Hi Kian. Whisky is one of the best investments in the global market today for any kind of investment level. I used to be a market analyst and have not seen annual growth rates approaching this with such stability anywhere else. Of course, things can go up and down, but even if the recession leads into another boom cycle it should just increase the demand for luxury goods. So, for luxury commodities to do so well during a downturn is excellent.

The global whisky market is growing as a whole, yet the amount of truly old, aged single malts is limited and dwindling in relative terms. I actually wrote an algorithm that factors in a variety of attributes: number of initial bottles, time in barrel, metascore from reviewers, popularity of distillery, how active the distillery is, etc. Then I tracked this back against historical data from auction sites and it was pretty close. The algorithm projects very healthy returns.

And yes, people always want to return to the source, they want the earliest examples of what they have come to love and what made a range popular.

Also, certain releases of Tun 1401 are harder to obtain depending on where you are in the world. However, like any investment, I would never advocate drawing all your bottles from one keg (or tun in this case). Diversification is key, but when you know that something is good it's not a bad idea to go into it hard for a time. For me, at the moment, Karuizawa, Brora, Tun 1401 and a few others are good investments right now.

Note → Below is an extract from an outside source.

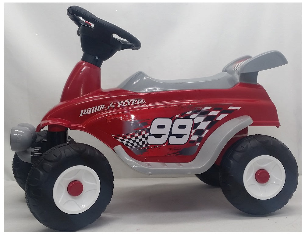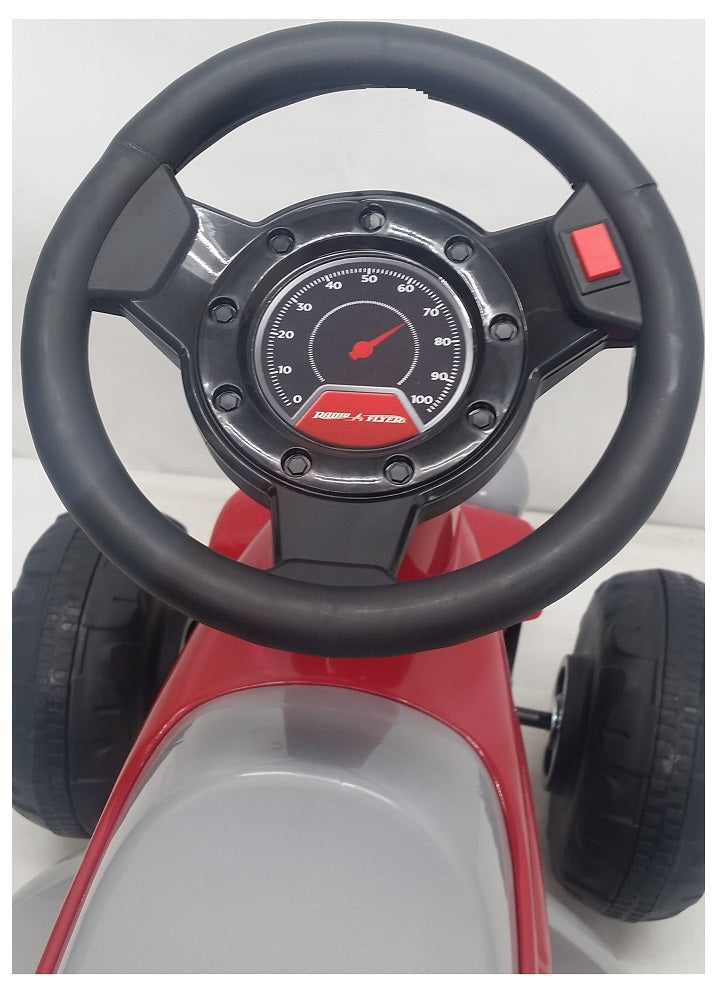 The Radio Flyer Moto Racer 6V Battery Operated Ride-On provides endless fun for imaginative play. An easy push button makes it simple for kids to move forward. The battery-operated ride-on is designed with a wide footrest for comfortable riding and has four 7-1/2" grip tread tires for safe riding. The rechargeable six-volt battery allows with a red button horn. Bring...

I have not been selling. I am still in the acquisition stage. In total I do not have a lot of bottles, but the average bottle is worth a fair bit.

I expect, even if things don't perform very well, to have more than tripled my money within a decade with minimal risk.

For example, I have some bottles of 42 year old Karuizawa 1967. This is one of the oldest whiskies produced by Japan, with amazingly high scores by every critic that tried it, less than 200 bottles left in the world, the distillery has been obliterated off the face of the Earth. A year ago you could buy this drink for about £500 a bottle, now I reckon it's over £2000 and probably, within a decade those bottles could go for anything up to £10k if the market holds out.

You need to know what you're buying, but if you make a bad mistake or two you can always drink it or give it away as a nice gift or swap it with someone for something else.

There is still the odd bottle of batch 2 floating around and depending on how lucky you are (without giving away some of my sourcing secrets) you can find it for anything from £150 to £300 at this point in time. Naturally, I buy any £150 bottles I see.

Short term, I don't think UK batches will go up that quickly, but US batches and travel retail seem to double in price within a short time frame.

Over a 5 to 10 year window (which is my time frame). I would expect Batch 1 to be worth £2.5k to £5k and then all of the other early batches to be worth between £500 to £1500 depending on - frequency in auctions, published scores by noted reviewers, market expansion, etc.

It is increasingly seen as an iconic whisky and despite still being occasionally available in some bizarre outlets for retail price, it tracks higher every auction aside from being some of the best damned whiskies I have every drunk.